Test reports issued under R&TTE are acceptable, however the reports must be issued by ILAC (International Laboratory Accreditation).  Local agents are required for foreign manufacturers and these agents must act as the local applicant.  The lead-time for approvals is between 5-6 weeks and the Type Approval certificates are valid for 5 years.
 

South Africa - New Labeling Regulations

In late August 2013, South Africa's Independent Communications Authority (ICASA) released Note 872 concerning updated labeling regulations for all telecommunication and RF equipment sold in South Africa.
 
This new regulation will come into effect once it is published in South Africa's Government Gazette.  The details of the new label rules are below and they are similar to existing rules with the exception that E-labeling will be allowable (#6) and label size restrictions have been defined (#5):
  1. Labels must be affixed to the device before the device is made available for sales or lease or is supplied in any other manner. The label must be legible and protected against damage.
  2. The Label must bear ICASA logo and issued certificate number (TA XXXX-YYYY).
  3. Labels may be obtained from ICASA upon payment of applicable fee.
  4. In the event of suppliers wishing to produce their own label, a written request must be submitted for ICASA Approval prior to supply or use of equipment. ICASA will issue a formal letter in response to supplier's request to confirm if proposed label design has been approved.
  5. The minimum size of the ICASA logo on the label must be 3mm high and 3mm wide, the certificate number must be 1mm high, and the height to width ratio of the overall ICASA label must be 1:2. (e.g. 10 x 20 mm).
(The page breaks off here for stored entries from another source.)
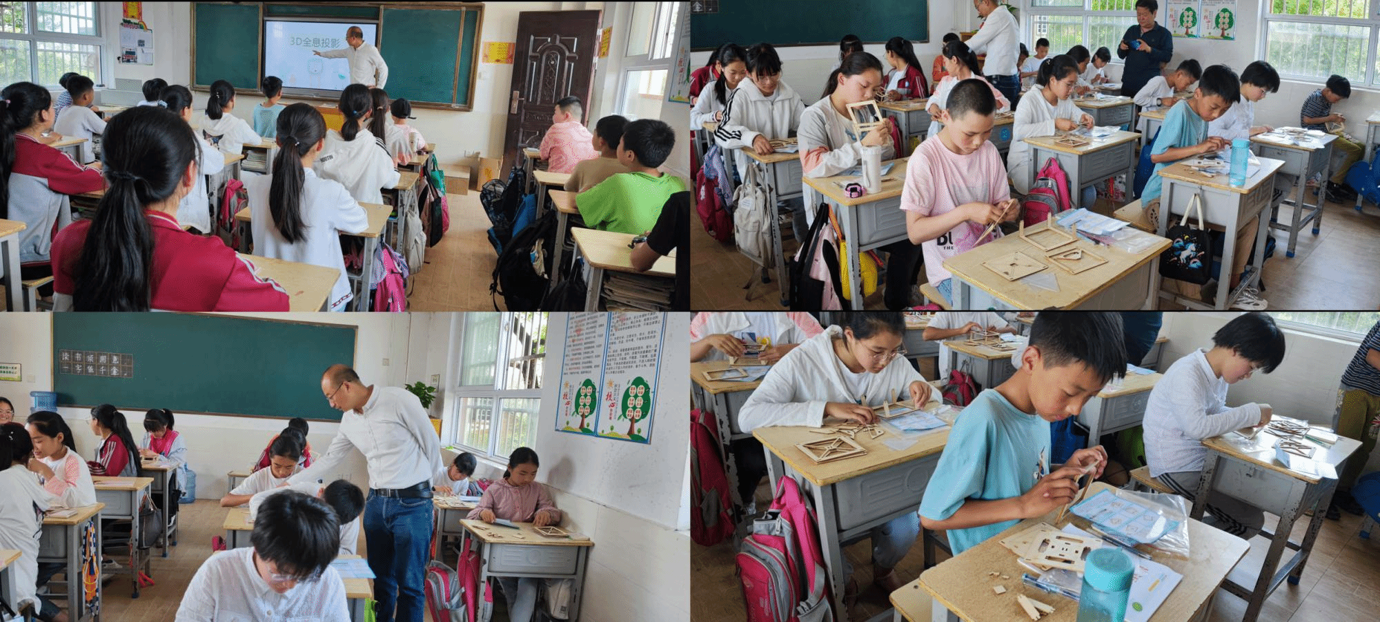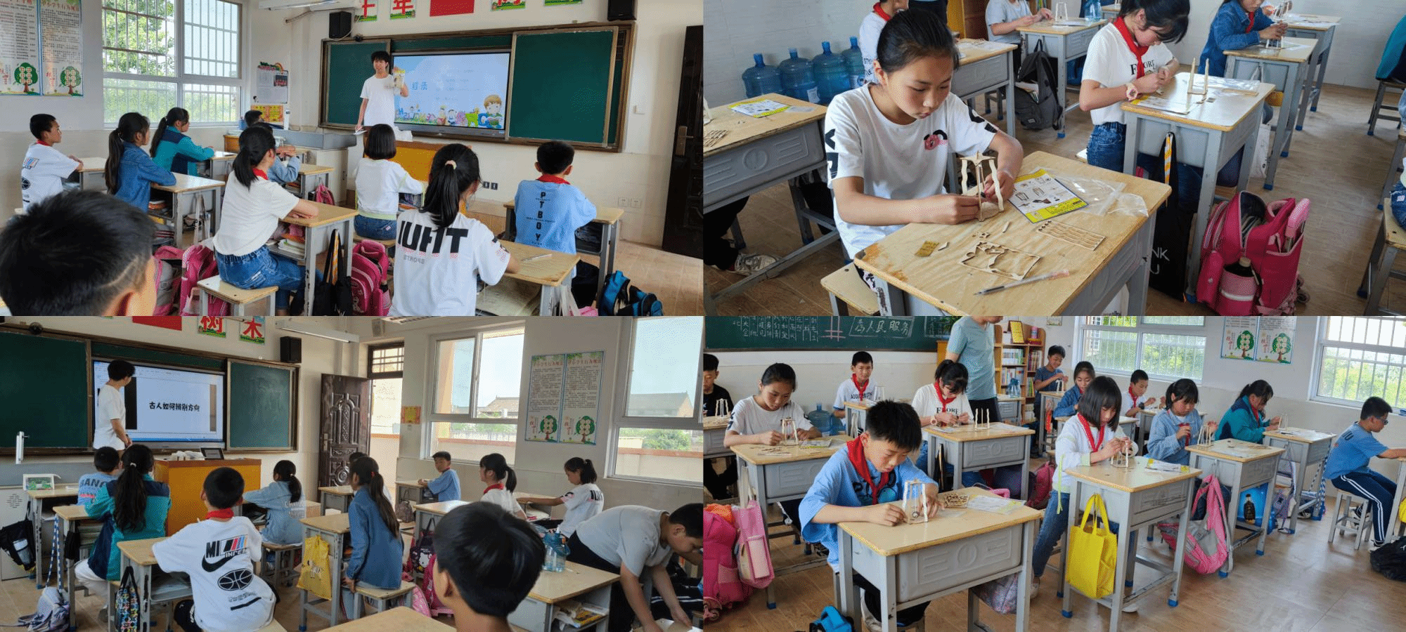 5月20日中午,经过一个半小时的路程,乐构团队到达老堡子村小学,随后团队成员兵分四路,为三年级、四年级、五年级和六年级的学生们开展科普课程。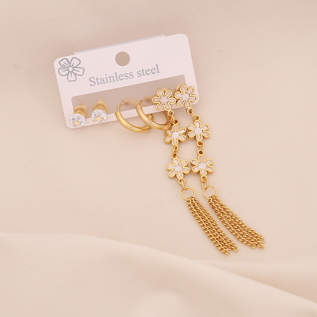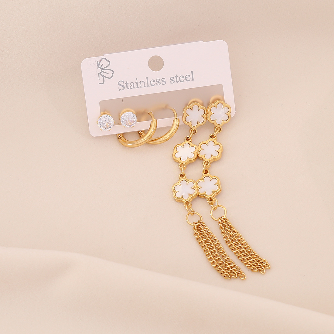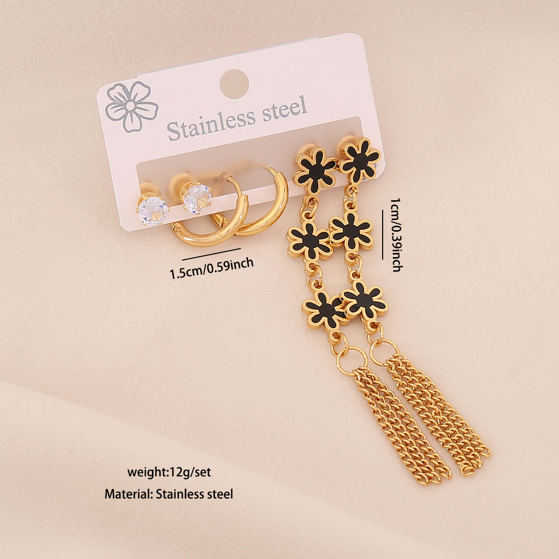 Edelstahl Tropfen Ohrring, 304 Edelstahl, mit Acryl, goldfarben plattiert, drei Stücke & verschiedene Stile für Wahl & für Frau & mit Strass, keine, verkauft von setzen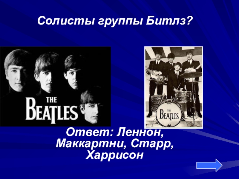 Солисты группы Битлз?Ответ: Леннон, Маккартни, Старр, Харрисон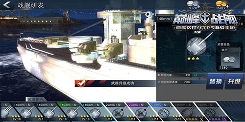 战舰的配件包含舰体、引擎、鸵机和雷达这四个部分。若要对这些战舰进行升级,就需要对应的材料,玩家能够通过战斗、完成每日任务、参与特训等途径来获取这些材料。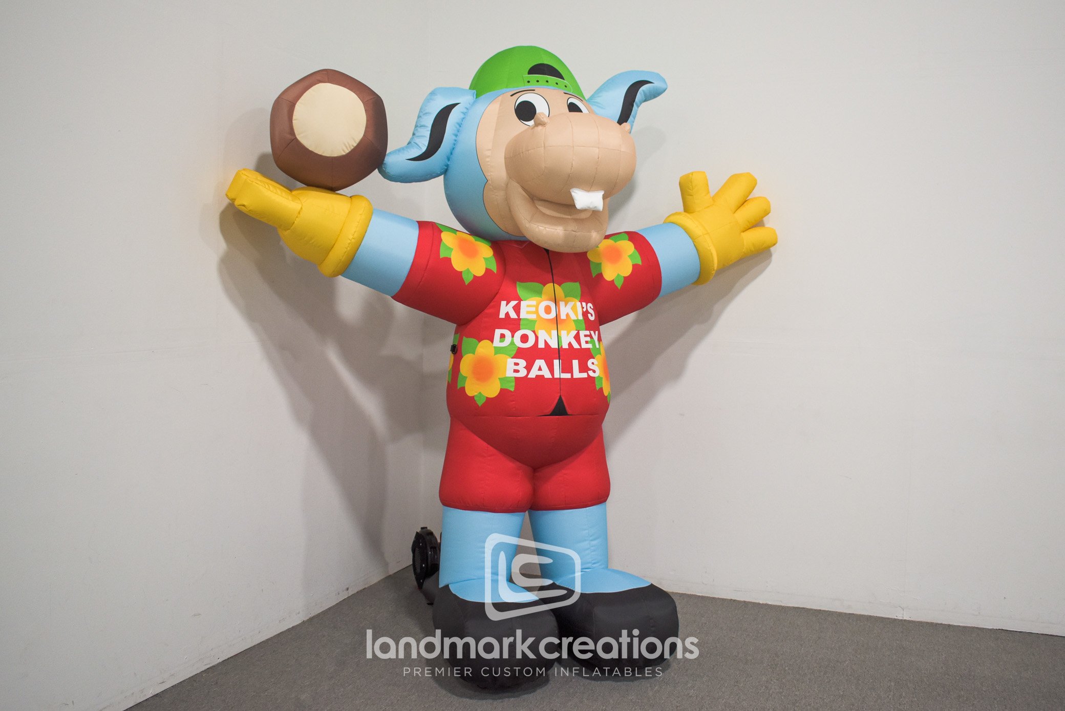 Keoki's Donkeyballs Chocolates, a coffeehouse in Hawaii, creates a fun and memorable experience for customers by using a festive inflatable donkey mascot to engage crowds at their restaurant and draw attention to their brand; who wouldn't want to get a photo opportunity next to this friendly, sunflower t-shirt wearing character?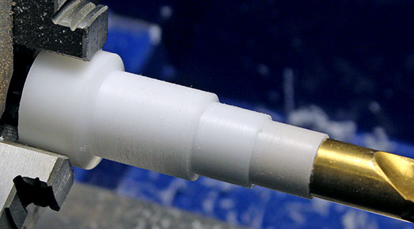 To achieve this, I first turned the two larger diameters, then bored the ½" hole with progressively larger bits. Finally I inserted the smooth shank of the ½" drill bit into the hole to serve as a mandrel while I turned the smallest diameter.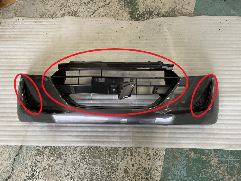 フロントバンパーのラジエターグリル・ガーニッシュ外し、塗装準備完了後塗装しました。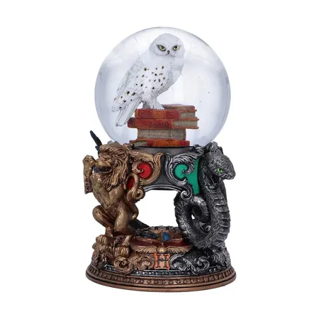Επίσημα Πιστοποιημένη Σφαίρα Χιονιού Harry Potter με την Hedwig! Ανακαλύψτε τον μαγικό κόσμο του Harry Potter με αυτή τη σφαίρα χιονιού, ύψους 18,5 cm. Η Hedwig, η πιστή χιονοπούλα του Harry, κάθεται πάνω σε ένα σωρό βιβλία μαγείας στο κέντρο της σφαίρας. Η βάση είναι λεπτομερώς διακοσμημένη με τα έμβληματα των τεσσάρων κοιτώνων του Hogwarts, Gryffindor, Slytherin, Hufflepuff και Ravenclaw. Κατασκευασμένη από υψηλής ποιότητας ρητίνη και χειροποίητα ζωγραφισμένη, αυτή η σφαίρα χιονιού αποτελεί την τέλεια προσθήκη για κάθε συλλογή Harry Potter.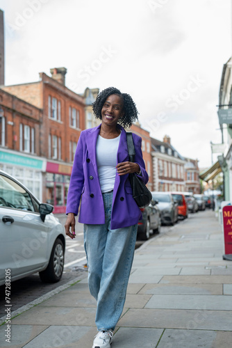 Fototapeta premium Smiling woman in purple jacket walking in city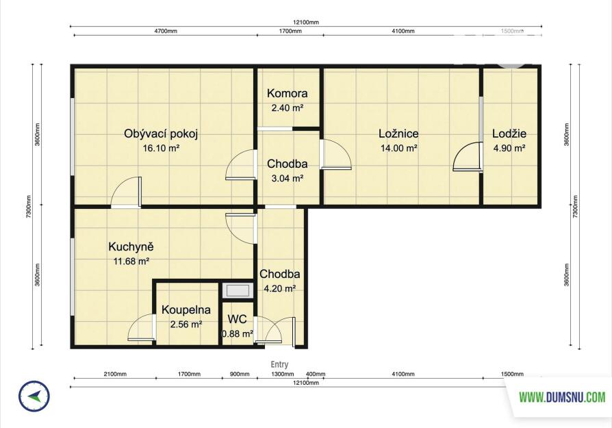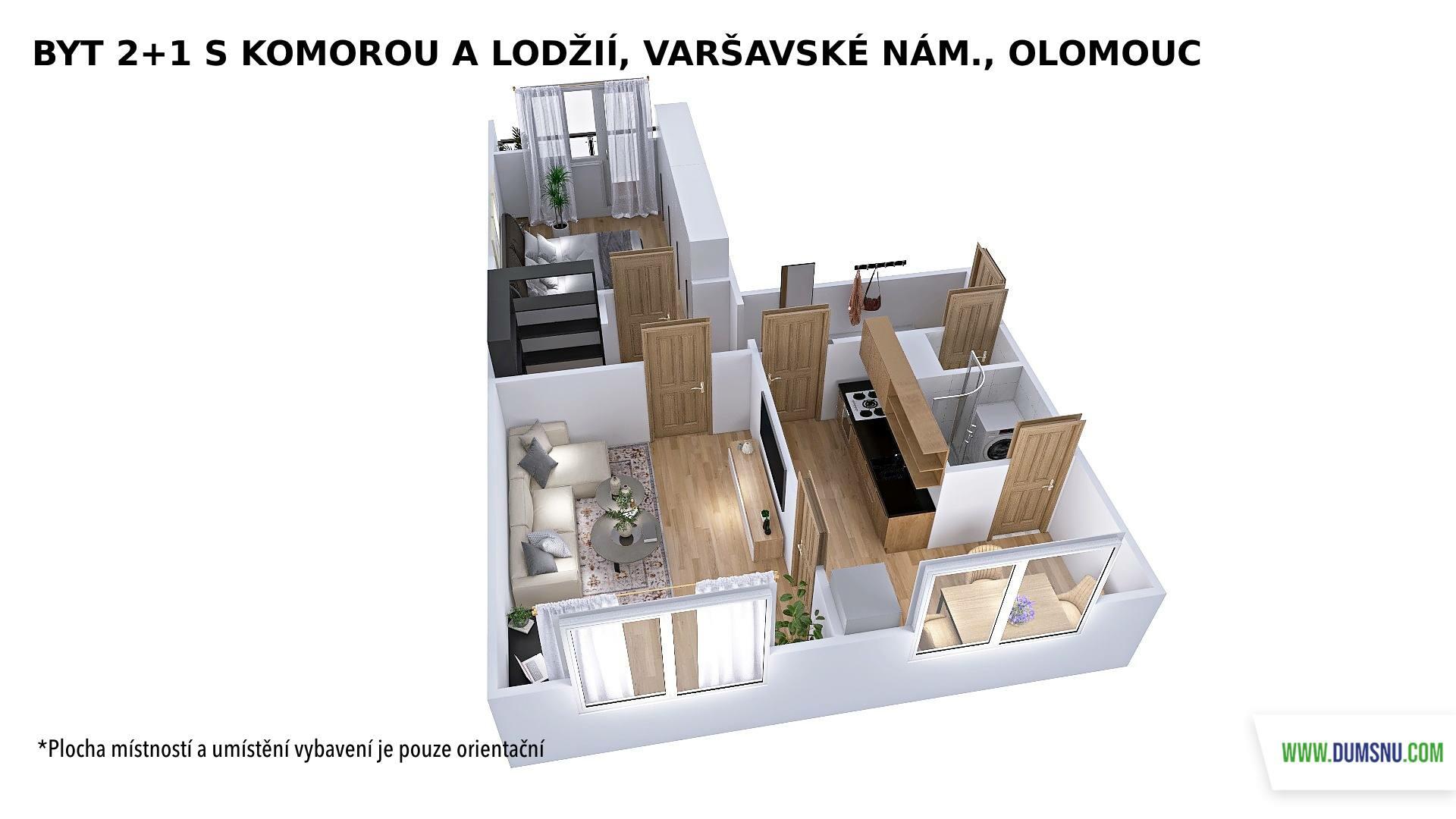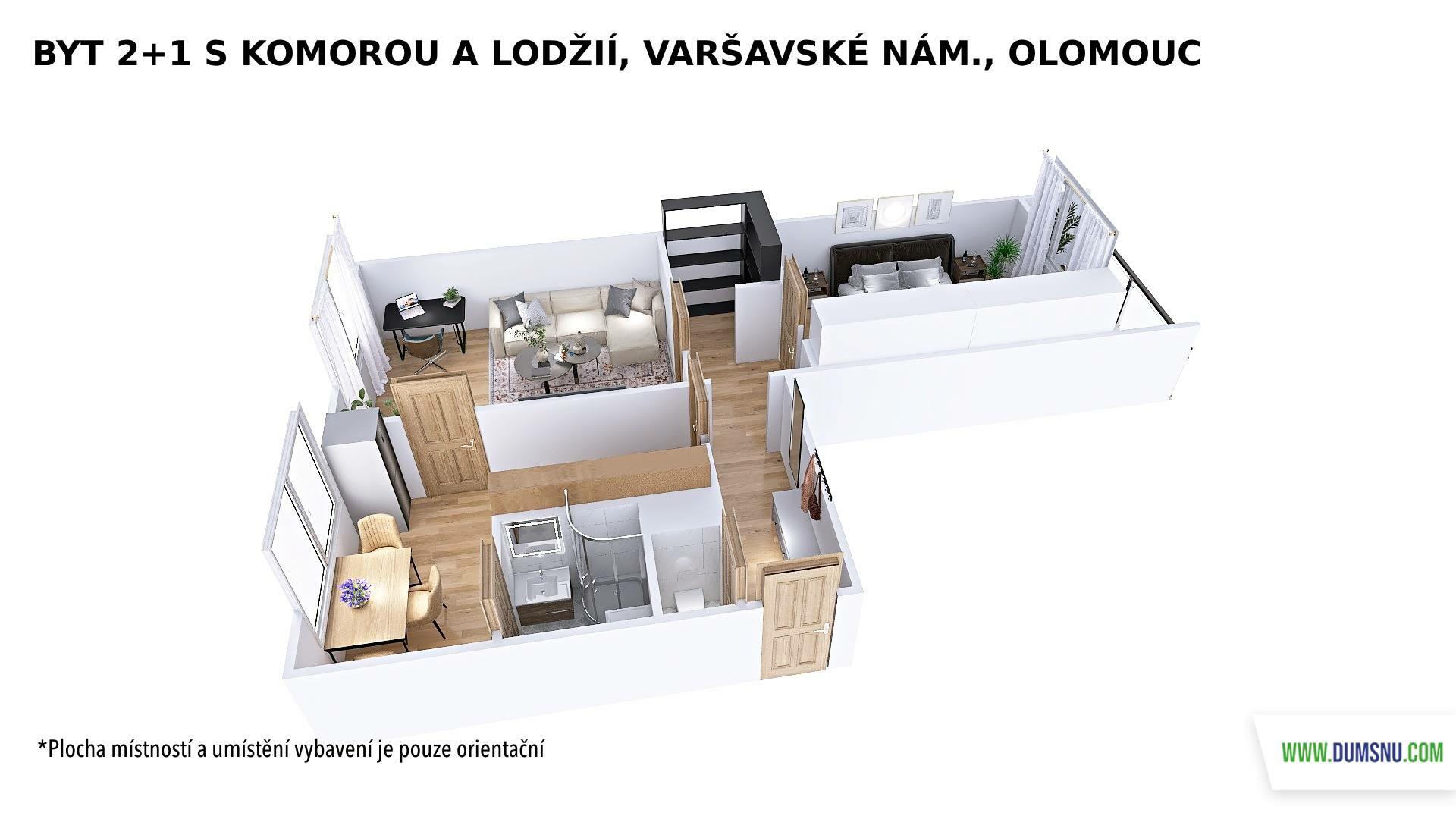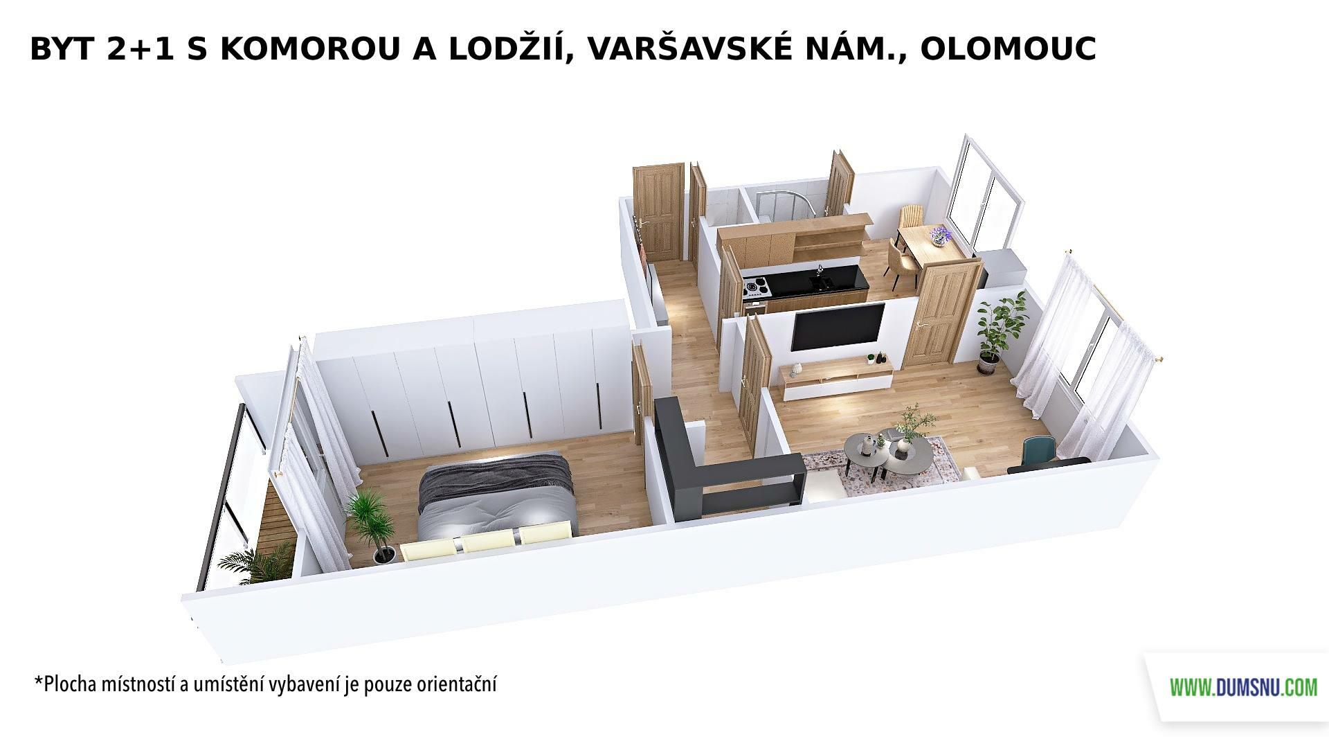 Praktická dispozice nabízí vstup z chodby do všech místností – kuchyně, dvou neprůchozích pokojů i komory, která skvěle poslouží jako úložný prostor. Příjemným bonusem je lodžie (4 m2) orientovaná na jih, která nabízí výhled do zeleně.

  6. E-labeling can also be used as an alternative method; a written request must be submitted for ICASA.
Approval prior to supply or use of equipment. ICASA will issue a formal letter in response to supplier's request to confirm if proposed label design has been approved. E-labels must be displayed in at least one of the following methods:
  • During the device's power up sequence,
  • Under the device's system information page,
  • Under the help menu on the device.
Documentation accompanying the device must clearly indicate how the user may access the label.